Background: Human immunodeficiency virus (HIV) remains a global challenge and novel measures for transmission disruption are needed. Contact tracing is limited by reluctance or inability of newly diagnosed individuals to name at-risk contacts. Molecular cluster analysis is mostly used for outbreak investigations, and its role in routine public health activities remains uncertain.
Methods: We conducted a 2-year prospective statewide study in Rhode Island to evaluate integration of HIV cluster analyses into routine contact tracing, by attempting to reinterview all new diagnoses who clustered, notifying them of clustering, and evaluating benefits of this strategy. Clustering was compared between a phylogenetic ensemble versus distance-based HIV-TRACE.

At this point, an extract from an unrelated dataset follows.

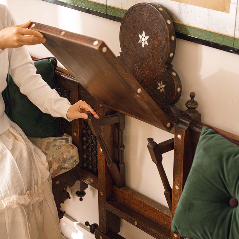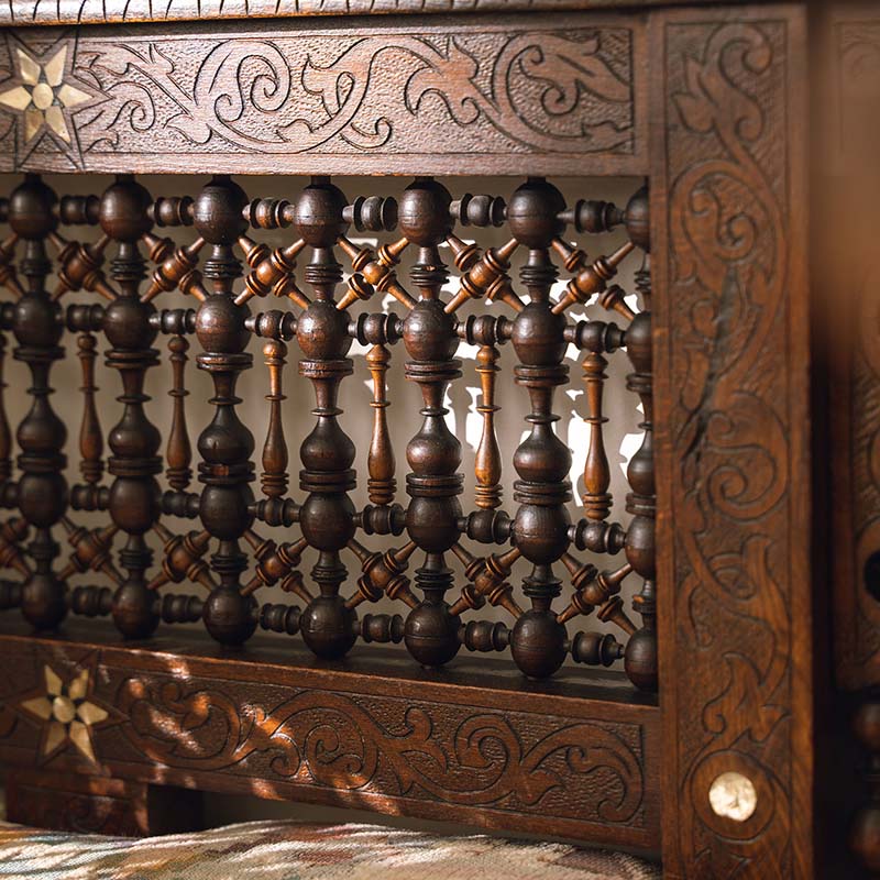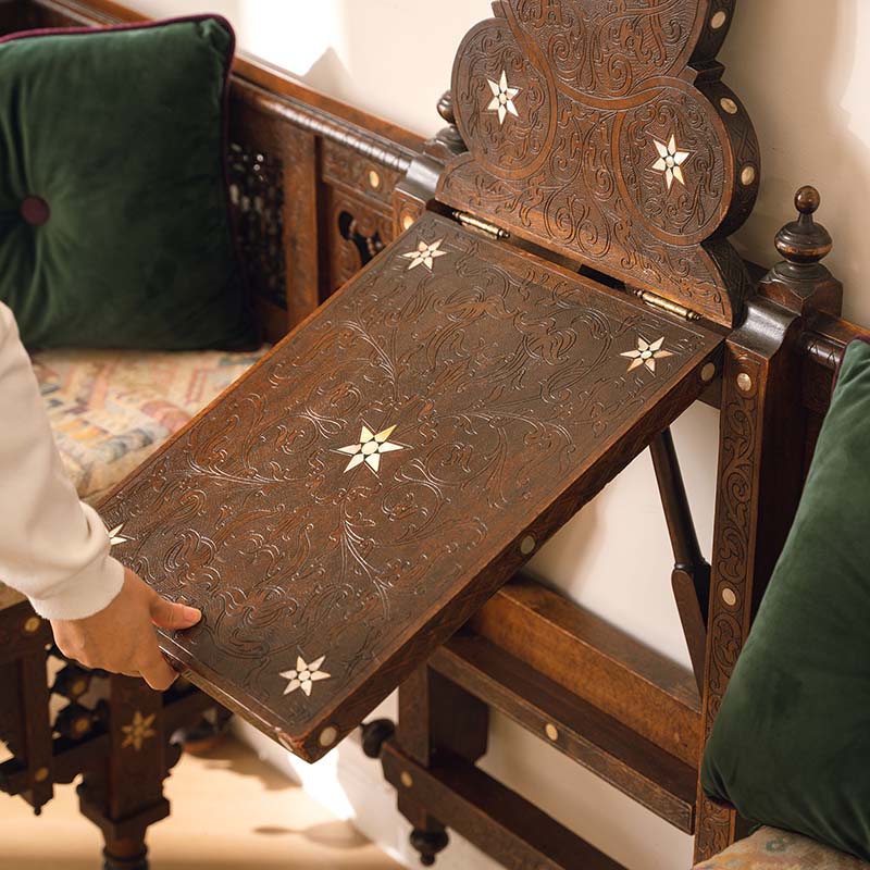 1880年代叙利亚出品伊斯兰风格母贝镶嵌卷叶纹硬木精雕可折叠式双人桌椅套件

Results: Of 100 new diagnoses during 2021-2022, 52 individuals clustered, of whom only 31% were reinterviewed. Reinterviewing did not improve contact tracing beyond initial interviews, and the study was stopped early for futility. Clustering concordance within the phylogenetic ensemble was high (88%-89%), but lower (74%) for HIV-TRACE. Despite hypothesis rejection, we established a public health-academic partnership, developed a bioinformatics pipeline enabling near real-time cluster analysis, and identified gaps and unique opportunities for intervention.
Conclusions: Attempting to reinterview all statewide new HIV diagnoses in molecular clusters showed no evidence of improving contact tracing. However, a strong academic-public health partnership enabled near real-time, longitudinal integration of molecular cluster analysis into routine public health activities, and identified barriers and opportunities tailoring data-driven approaches to unique individual and community characteristics, guiding future work on optimal use of molecular epidemiology to disrupt HIV transmission.